Since the thorough library construction process minimizes the purification times, random DNA loss is greatly reduced. The highly simplified process allows library preparation be accomplished with as low as 50 ng genomic DNA. Meanwhile, we found that reducing the two purification steps did not reduce the quality of the data by sequence quality analysis. Through data analysis of 40 individuals from a single lane, omitting the step quantifying DNA concentration of each individual before pooling samples does have influence on the amount of data among each individual (CV = 0.2146) but in our experience even if quantifying DNA concentration of each individual, pooling equal quantity DNA of each individual is still impossible as different volumes of liquid may adhere to the tips when using the pipette. As adequate data (>6 M reads) could be generated for each individual, we suggest deleting this quantifying step as the GBS protocol does (CV = 0.23) . The redesigned adapters and variable length barcodes have high recognition efficiency on various individuals and could produce high-quality data which is similar to the results Burford et al. got . Some people may worry that the combination of restriction endonucleases may easily cut the repeats region with high GC-content as is shown in maize about 10 % of reads fall into repeats region. Nevertheless, we still have enough reads left for analysis. Researchers may strictly follow the protocol without re-selecting novel combination of enzymes (but have to adjust the size-selection range) if they do not want to invest too much on pilot experiments. As synthetic adapters can be used in diverse plant species and transferred across labs, our protocol will greatly reduce the overall costs.

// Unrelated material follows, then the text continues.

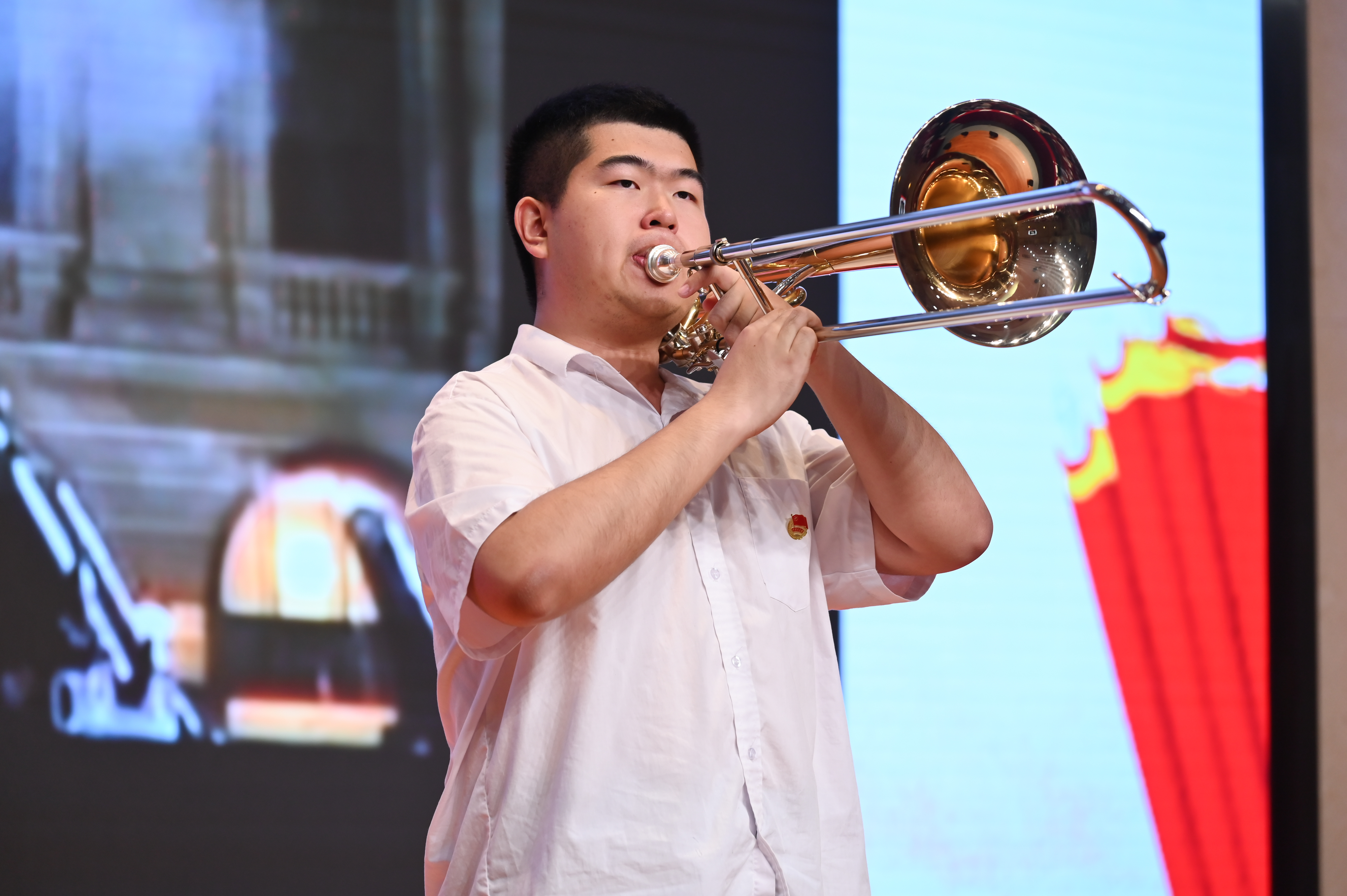诗词朗诵、长号独奏...各团支部的舞台表演精彩纷呈,嘹亮的朗读声表达着对祖国的热爱、对青春的期待,让我们真切地感受到了嘉锡青年们的昂扬激情和实现“强国有我”的满腔热血,同时也展现了各团支部强大的凝聚力和组织力。

A possible drawback of our method is that degraded DNA will not produce adequate data because once one of the enzyme sites was impaired the whole tag will be lost. Nonetheless, as long as the DNA provided shows a clear major band when detected by the agarose gel electrophoresis, it could usually generate sufficient amount of data for analysis. In addition, the final library may be a pool of tens to a hundred of samples and we only designed 20 kinds of barcodes, so it is inevitable to cut gel several times when performing the procedure. In order to maintain the consistency of the selected fragments, electrophoresis conditions must be strictly controlled, and practice cutting the gel is needed before the formal experiment begins. Besides, electrophoresis time should be long enough (1–2 h) to prevent that size selection maybe ‘leaky’.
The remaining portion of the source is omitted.